Seattle Senators add school construction funding for Seattle Public Schools to capital budget
FOR IMMEDIATE RELEASE: April 15, 2015
The Senate capital budget would provide money for critical school construction projects in Seattle School District under an amendment proposed by the Seattle Senate delegation and adopted by the full Senate. The amendment was signed by Senators David Frockt, Jamie Pedersen, Sharon Nelson, Jeanne Kohl-Welles, Pramila Jayapal, Bob Hasegawa and Maralyn Chase.
The amendment to SB 6080 would provide an additional $33 million over four years for school construction, renovations and improvements for local Seattle schools.
“Seattle has some of the most crowded classrooms in the state, and the legislature needed to step up and help,” said Frockt, who offered the amendment on behalf of the delegation. “To provide a great education for all students we need to make sure they have school buildings in decent shape, with enough classrooms, and with the infrastructure they need to succeed. If we can secure this funding in the final capital budget, it will contribute to accommodate the extraordinary population and enrollment growth we have seen and are expected to continue to see in our city.”
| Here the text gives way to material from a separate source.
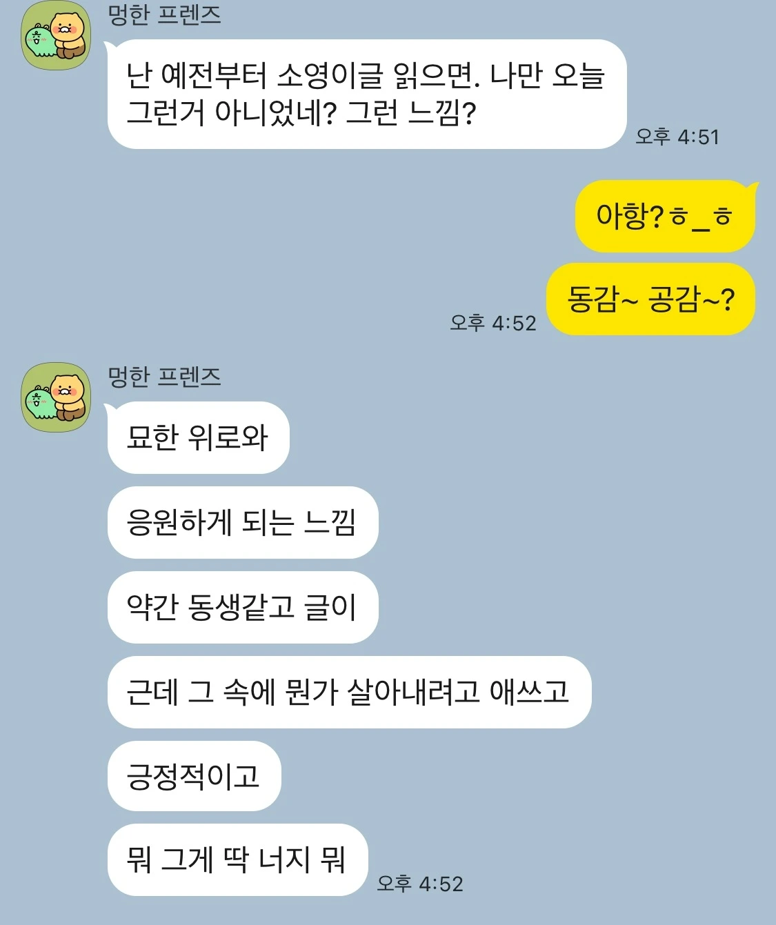 “바쁘게 살면서 생각도 못 하고 지나쳤던 감정, 사람, 마음의 결. 너무 무겁지도, 너무 가볍지도 않게 하루 한 번, 조용히 들여다보게 하는 글.“

Beginning in the 2008-09 school year with a population of approximately 47,000 students, the Seattle School District has grown by at least 1,000 students each year. At this projected pace, the Seattle School District could have enrollment of approximately 60,000 students by the year 2020. The addition of 12,000 students over that time frame would itself be larger than 90 percent of the school districts in Washington.
The need for additional school construction is critical across the city - the total maintenance backlog for the district is over $2 billion.
“Our state’s paramount duty is to provide ample funding for public schools, including for construction of school buildings,” said Pedersen. “Seattle legislators have worked closely together this session to make sure that the state will help Seattle meet the challenge of our extraordinary enrollment growth.”
Great. Except that Facilities tells a different story when they are pushing BTA IV. They say the backlog of maintenance is about $500M and between BTA and BEX IV, they will get that down to $350M.
And, that a lot of that high-level maintenance is because they are NOT doing general maintenance on our elderly buildings or new multi-million dollar buildings.